DESCRIPTION OF THE TASK ▸ Make an exact copy of all the entries shown below.

______

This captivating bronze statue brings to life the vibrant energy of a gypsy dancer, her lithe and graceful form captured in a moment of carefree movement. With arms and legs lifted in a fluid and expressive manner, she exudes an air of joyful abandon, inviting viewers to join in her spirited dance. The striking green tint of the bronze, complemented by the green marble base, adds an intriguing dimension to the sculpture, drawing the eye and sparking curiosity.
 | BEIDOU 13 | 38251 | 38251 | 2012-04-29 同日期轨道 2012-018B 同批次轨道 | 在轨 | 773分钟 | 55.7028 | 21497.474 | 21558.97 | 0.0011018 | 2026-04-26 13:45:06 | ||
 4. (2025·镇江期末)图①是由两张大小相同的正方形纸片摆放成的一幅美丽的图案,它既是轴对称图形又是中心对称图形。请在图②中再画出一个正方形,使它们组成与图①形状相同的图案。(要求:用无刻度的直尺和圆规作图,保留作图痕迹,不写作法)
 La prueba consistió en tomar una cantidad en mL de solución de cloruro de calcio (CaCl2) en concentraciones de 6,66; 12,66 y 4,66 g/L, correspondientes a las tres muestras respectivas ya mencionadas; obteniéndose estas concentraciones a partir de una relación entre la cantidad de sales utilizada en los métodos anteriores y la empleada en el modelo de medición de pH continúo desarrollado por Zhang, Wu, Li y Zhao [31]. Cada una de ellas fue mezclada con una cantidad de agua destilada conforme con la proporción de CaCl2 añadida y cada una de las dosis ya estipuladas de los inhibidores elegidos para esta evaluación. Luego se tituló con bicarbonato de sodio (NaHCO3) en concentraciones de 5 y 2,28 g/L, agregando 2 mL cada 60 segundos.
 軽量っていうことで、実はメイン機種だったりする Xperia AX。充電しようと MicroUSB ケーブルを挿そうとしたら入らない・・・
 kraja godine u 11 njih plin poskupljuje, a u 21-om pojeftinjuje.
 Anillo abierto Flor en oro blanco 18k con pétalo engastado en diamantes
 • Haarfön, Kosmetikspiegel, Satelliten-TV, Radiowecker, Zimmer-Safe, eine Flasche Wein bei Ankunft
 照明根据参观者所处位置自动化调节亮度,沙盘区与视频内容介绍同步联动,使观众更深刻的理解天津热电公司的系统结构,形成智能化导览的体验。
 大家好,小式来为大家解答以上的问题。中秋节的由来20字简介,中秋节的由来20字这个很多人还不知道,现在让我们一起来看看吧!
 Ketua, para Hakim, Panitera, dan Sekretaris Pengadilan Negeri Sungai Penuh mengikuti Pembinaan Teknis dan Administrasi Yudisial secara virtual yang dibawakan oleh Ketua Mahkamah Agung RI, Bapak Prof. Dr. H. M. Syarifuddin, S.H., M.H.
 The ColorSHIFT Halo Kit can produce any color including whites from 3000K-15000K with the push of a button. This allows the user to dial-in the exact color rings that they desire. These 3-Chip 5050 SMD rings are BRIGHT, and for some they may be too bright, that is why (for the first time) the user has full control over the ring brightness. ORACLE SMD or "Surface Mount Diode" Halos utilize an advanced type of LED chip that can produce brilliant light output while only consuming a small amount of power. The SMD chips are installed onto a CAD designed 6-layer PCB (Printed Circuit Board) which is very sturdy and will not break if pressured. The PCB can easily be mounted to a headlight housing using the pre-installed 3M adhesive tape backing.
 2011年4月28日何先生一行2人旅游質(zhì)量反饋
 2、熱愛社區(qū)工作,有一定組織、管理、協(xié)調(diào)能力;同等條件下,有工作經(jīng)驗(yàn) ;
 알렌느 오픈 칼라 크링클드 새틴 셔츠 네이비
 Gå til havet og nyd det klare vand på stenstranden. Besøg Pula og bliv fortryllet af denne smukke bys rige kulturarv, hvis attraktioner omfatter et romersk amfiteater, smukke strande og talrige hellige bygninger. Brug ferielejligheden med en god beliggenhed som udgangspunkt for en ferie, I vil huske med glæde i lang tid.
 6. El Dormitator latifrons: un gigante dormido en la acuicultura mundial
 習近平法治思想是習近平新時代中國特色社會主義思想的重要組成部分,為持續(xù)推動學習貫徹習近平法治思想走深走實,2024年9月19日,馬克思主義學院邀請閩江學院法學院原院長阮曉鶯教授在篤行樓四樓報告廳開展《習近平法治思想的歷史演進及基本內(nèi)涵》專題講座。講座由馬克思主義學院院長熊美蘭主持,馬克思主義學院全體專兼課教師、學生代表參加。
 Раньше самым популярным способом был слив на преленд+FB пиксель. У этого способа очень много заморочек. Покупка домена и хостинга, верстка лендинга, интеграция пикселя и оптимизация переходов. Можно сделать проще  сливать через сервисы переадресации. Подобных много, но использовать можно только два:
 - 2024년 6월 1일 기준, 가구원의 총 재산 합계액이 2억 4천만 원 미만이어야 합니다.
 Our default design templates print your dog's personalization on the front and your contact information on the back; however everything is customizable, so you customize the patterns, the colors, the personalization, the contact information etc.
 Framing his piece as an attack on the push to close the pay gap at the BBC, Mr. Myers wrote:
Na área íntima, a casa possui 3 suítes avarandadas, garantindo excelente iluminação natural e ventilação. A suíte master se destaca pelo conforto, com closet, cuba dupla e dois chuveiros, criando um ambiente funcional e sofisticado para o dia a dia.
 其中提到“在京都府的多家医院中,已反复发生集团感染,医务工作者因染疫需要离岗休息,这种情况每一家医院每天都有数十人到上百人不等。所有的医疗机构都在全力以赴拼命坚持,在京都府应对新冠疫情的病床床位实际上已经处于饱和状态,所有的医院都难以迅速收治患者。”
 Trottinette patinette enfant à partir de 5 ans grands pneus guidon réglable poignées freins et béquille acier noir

______

RESULT FOR THIS TASK ▸
This captivating bronze statue brings to life the vibrant energy of a gypsy dancer, her lithe and graceful form captured in a moment of carefree movement. With arms and legs lifted in a fluid and expressive manner, she exudes an air of joyful abandon, inviting viewers to join in her spirited dance. The striking green tint of the bronze, complemented by the green marble base, adds an intriguing dimension to the sculpture, drawing the eye and sparking curiosity.
 | BEIDOU 13 | 38251 | 38251 | 2012-04-29 同日期轨道 2012-018B 同批次轨道 | 在轨 | 773分钟 | 55.7028 | 21497.474 | 21558.97 | 0.0011018 | 2026-04-26 13:45:06 | ||
 4. (2025·镇江期末)图①是由两张大小相同的正方形纸片摆放成的一幅美丽的图案,它既是轴对称图形又是中心对称图形。请在图②中再画出一个正方形,使它们组成与图①形状相同的图案。(要求:用无刻度的直尺和圆规作图,保留作图痕迹,不写作法)
 La prueba consistió en tomar una cantidad en mL de solución de cloruro de calcio (CaCl2) en concentraciones de 6,66; 12,66 y 4,66 g/L, correspondientes a las tres muestras respectivas ya mencionadas; obteniéndose estas concentraciones a partir de una relación entre la cantidad de sales utilizada en los métodos anteriores y la empleada en el modelo de medición de pH continúo desarrollado por Zhang, Wu, Li y Zhao [31]. Cada una de ellas fue mezclada con una cantidad de agua destilada conforme con la proporción de CaCl2 añadida y cada una de las dosis ya estipuladas de los inhibidores elegidos para esta evaluación. Luego se tituló con bicarbonato de sodio (NaHCO3) en concentraciones de 5 y 2,28 g/L, agregando 2 mL cada 60 segundos.
 軽量っていうことで、実はメイン機種だったりする Xperia AX。充電しようと MicroUSB ケーブルを挿そうとしたら入らない・・・
 kraja godine u 11 njih plin poskupljuje, a u 21-om pojeftinjuje.
 Anillo abierto Flor en oro blanco 18k con pétalo engastado en diamantes
 • Haarfön, Kosmetikspiegel, Satelliten-TV, Radiowecker, Zimmer-Safe, eine Flasche Wein bei Ankunft
 照明根据参观者所处位置自动化调节亮度,沙盘区与视频内容介绍同步联动,使观众更深刻的理解天津热电公司的系统结构,形成智能化导览的体验。
 大家好,小式来为大家解答以上的问题。中秋节的由来20字简介,中秋节的由来20字这个很多人还不知道,现在让我们一起来看看吧!
 Ketua, para Hakim, Panitera, dan Sekretaris Pengadilan Negeri Sungai Penuh mengikuti Pembinaan Teknis dan Administrasi Yudisial secara virtual yang dibawakan oleh Ketua Mahkamah Agung RI, Bapak Prof. Dr. H. M. Syarifuddin, S.H., M.H.
 The ColorSHIFT Halo Kit can produce any color including whites from 3000K-15000K with the push of a button. This allows the user to dial-in the exact color rings that they desire. These 3-Chip 5050 SMD rings are BRIGHT, and for some they may be too bright, that is why (for the first time) the user has full control over the ring brightness. ORACLE SMD or "Surface Mount Diode" Halos utilize an advanced type of LED chip that can produce brilliant light output while only consuming a small amount of power. The SMD chips are installed onto a CAD designed 6-layer PCB (Printed Circuit Board) which is very sturdy and will not break if pressured. The PCB can easily be mounted to a headlight housing using the pre-installed 3M adhesive tape backing.
 2011年4月28日何先生一行2人旅游質(zhì)量反饋
 2、熱愛社區(qū)工作,有一定組織、管理、協(xié)調(diào)能力;同等條件下,有工作經(jīng)驗(yàn) ;
 알렌느 오픈 칼라 크링클드 새틴 셔츠 네이비
 Gå til havet og nyd det klare vand på stenstranden. Besøg Pula og bliv fortryllet af denne smukke bys rige kulturarv, hvis attraktioner omfatter et romersk amfiteater, smukke strande og talrige hellige bygninger. Brug ferielejligheden med en god beliggenhed som udgangspunkt for en ferie, I vil huske med glæde i lang tid.
 6. El Dormitator latifrons: un gigante dormido en la acuicultura mundial
 習近平法治思想是習近平新時代中國特色社會主義思想的重要組成部分,為持續(xù)推動學習貫徹習近平法治思想走深走實,2024年9月19日,馬克思主義學院邀請閩江學院法學院原院長阮曉鶯教授在篤行樓四樓報告廳開展《習近平法治思想的歷史演進及基本內(nèi)涵》專題講座。講座由馬克思主義學院院長熊美蘭主持,馬克思主義學院全體專兼課教師、學生代表參加。
 Раньше самым популярным способом был слив на преленд+FB пиксель. У этого способа очень много заморочек. Покупка домена и хостинга, верстка лендинга, интеграция пикселя и оптимизация переходов. Можно сделать проще  сливать через сервисы переадресации. Подобных много, но использовать можно только два:
 - 2024년 6월 1일 기준, 가구원의 총 재산 합계액이 2억 4천만 원 미만이어야 합니다.
 Our default design templates print your dog's personalization on the front and your contact information on the back; however everything is customizable, so you customize the patterns, the colors, the personalization, the contact information etc.
 Framing his piece as an attack on the push to close the pay gap at the BBC, Mr. Myers wrote:
Na área íntima, a casa possui 3 suítes avarandadas, garantindo excelente iluminação natural e ventilação. A suíte master se destaca pelo conforto, com closet, cuba dupla e dois chuveiros, criando um ambiente funcional e sofisticado para o dia a dia.
 其中提到“在京都府的多家医院中,已反复发生集团感染,医务工作者因染疫需要离岗休息,这种情况每一家医院每天都有数十人到上百人不等。所有的医疗机构都在全力以赴拼命坚持,在京都府应对新冠疫情的病床床位实际上已经处于饱和状态,所有的医院都难以迅速收治患者。”
 Trottinette patinette enfant à partir de 5 ans grands pneus guidon réglable poignées freins et béquille acier noir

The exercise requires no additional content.